陣痛に悲鳴を上げていたサキュバスの檻に、怒りの咆哮を上げながら一匹のハイゴブリンが近づいて行った。
そしてハイゴブリンは檻を開け監獄の中に入ると、サキュバスの腹を乱暴に蹴り上げる。
「やめて!! やめてくださっー------ぐふっ!!!!」
その瞬間、サキュバスは声を上げなくなり、だらりと頭を下げ意識を失った。
そして彼女の下半身からはー----小さなインプの子供が複数体、転がっていたのだった。
「おぇー、中々胸糞悪いことしてくれてんじゃねぇか」
正直、目の前で行われる行為に対して、何も思うことは無い。
肉食獣が草食獣を喰らうように、強い魔物が弱い魔物を痛ぶったところで、それは弱肉強食、自然の摂理だ。
俺のもっとも嫌う理不尽な暴力を突き付けられているのは非常に同情の余地あるところだが・・・・この場にいるサキュバス共は第五階層の魔物だし、わざわざ助けてやるメリットはない。
何故なら俺が守るべきものは、全てのか弱き命じゃないからだ。
俺が守るのは、俺の周りにいる大事なものだけ。
そこを履き違えたら、また生前と同じ過ちを繰り返してしまう。
俺はもう失敗しない。
俺は命を選別して、自分だけの理想の世界を創る。
だから、目の前で無辜な命が死のうがどうでもいい。
自分に関係がないなら、利益が得られないなら、その命に価値はない。
けれど・・・・・。
「殺して、やる・・・・絶対に、殺して・・・・やる・・・・」
「死ね、ゴブリン・・・・地獄に落ちろ・・・・」
うめき声を上げながら、サキュバスたちは怨嗟の声を絞り出すようにして口にする。
ここにいるサキュバスたちは皆、絶望に目を染めながらも、深い憎悪の炎を内に秘めていた。

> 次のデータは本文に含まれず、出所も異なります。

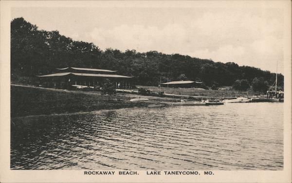 Front: ROCKAWAY BEACH. LAKE TANEYCOMO, MO. Back: Published by Branson Drug Co., P. S. Alexander, Prop.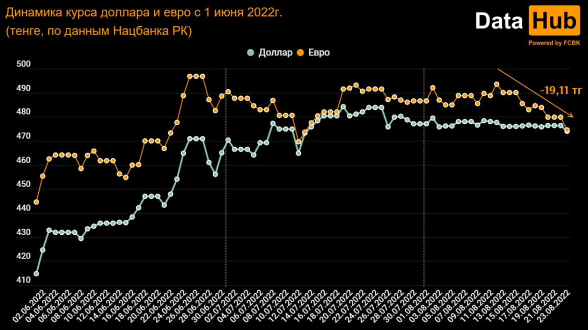 Еще 12 августа официальный курс евро составлял 493,67 тенге. То есть за 11 дней он снизился на 19 тенге 11 тиын. Или 3,9 процента.

その姿にあることを思い付いた俺は、ニヤリと笑みを浮かべる。
(あいつらをアンデッドにしてその憎しみをゴブリンやインプ、ムレアとシアナにぶつけてやったら・・・面白いことになりそうだな)
生前に深い憎悪を持ったアンデッドの作成。
その効果がいったいどれほどのものなのか分からないが・・・・俺は試してみたくなった。
憎悪を晴らし、復讐を遂げる。
力で傷付けられた者が、力によってその怒りを顕現させる。
あれは、あの幻想の中で行った殺戮は、たまならなく素晴らしい光景だった。
だから、また、見てみたくなった。
あのサキュバスたちを使って。
憎しみが爆発する、その瞬間を。
「よし。行くぞ、アッシェ」
「はい」
俺とアッシェは牢獄が並んだ部屋へと二人同時に飛び込む。
その部屋には12体ほどのハイゴブリンがいた。
皆、侵入してきた俺たちに瞠目した後、一斉に戦闘態勢を取り始める。
「さて、アッシェ。アラクネになったお前の腕がどのくらいのものか、ここで見させてもらうぞ」
「お任せください。ジャック様の手を煩わせないように、このアッシェ、敵を即座に排除してみせます。なので、ジャック様は後ろで休んでいてください」
「言うじゃねえか! そこまで挑発されたら、俺も負けてられないな。さぁ、病み上がりの一戦だ。腕鳴らしにやってやるよ。ー-----来い」
「キシャアアアアアアアアアアッッッッッッ!!!!!!!!!」
そしてハイゴブリンたちは咆哮を上げると、俺たちに向かって襲い掛かってきたのだった。